At the end of Foster Street, Willie Lee Thomas Jr. keeps a similar collection, except the water in his bottle — water he said he pulled from the tap in early December — is entirely brown.
“I don’t drink this. I only use bottled water,” Thomas said.
One street over, Alice Yu said she first complained to the Montgomery Water Works and Sanitary Sewer Board 11 years ago when her water started smelling “fishy.”
Since then, she’s become known as the “water lady,” as she loads her trailer up with cases of bottled water from the nearby Cash & Carry and passes them out to residents.
“I’ve been doing that for years,” Yu said.
Montgomery Water Works first began to alleviate residents’ concerns on June 27 this year, when they arrived on Yu’s street to test the water and open a fire hydrant to flush the line.
Video Tucker took from that day shows the streets filled with copper-colored water meant for residents’ homes.
“When they opened this fire hydrant it came out orange, like rust,” Yu said. “You see the orange left on the sidewalk. And that was in June. That’s when they came out and started paying attention.”
Montgomery Water Works has tested the water several times since then after receiving numerous complaints.
“The water is good and safe. It just has a little brown color,” said Water Works board chairman Richard Hanan in an interview with the Montgomery Advertiser.
This assertion is backed by the EPA, which only sets limits on the amount of iron allowed in water based on aesthetic (odor, color, taste) and not safety concerns.
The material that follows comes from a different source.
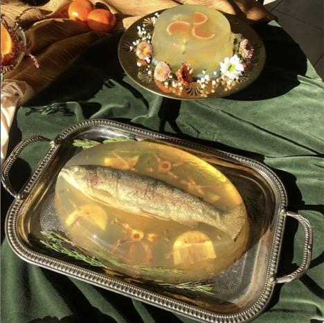 Aspics memorably burst into Canadian contemporary art discourse in the fall of 2019, when Canadian arts media were briefly fixated on a galling story detailing how Sharona Franklin, a Vancouver-based, disabled artist known for making ornate aspics, had been robbed of her artwork by the multinational designer brand Gucci for an ad campaign.

And yet, as residents carrying jugs of brown water to meetings with Water Works have found, nobody feels safe drinking that water.
“We took it to the meeting and you can hear his people say, ‘I don’t want to drink that water,’” Tucker said.
Water Works began working to solve the issue, replacing the nearly 100-year-old corroded, cast iron pipes with plastic PEX pipes.
The $1.5 million project is expected to be completed by summer 2019, but harder to repair will be the city’s relationship with a neighborhood that feels neglected and like the project is only now being undertaken to avoid public blowback after residents brought the issue before City Council in October.
“There’s always been a water problem. I’ve had to call them on numerous occasions about the water and ask them why it was running brown,” said Newtown resident Elbert Abdur-Rashid, who said he’s been calling the city since 2005. ...
A collection of more than 300 small houses on the other side of the tracks in north Montgomery, Newtown was established in 1836, 17 years after New Philadelphia and East Alabama Town merged to become Montgomery.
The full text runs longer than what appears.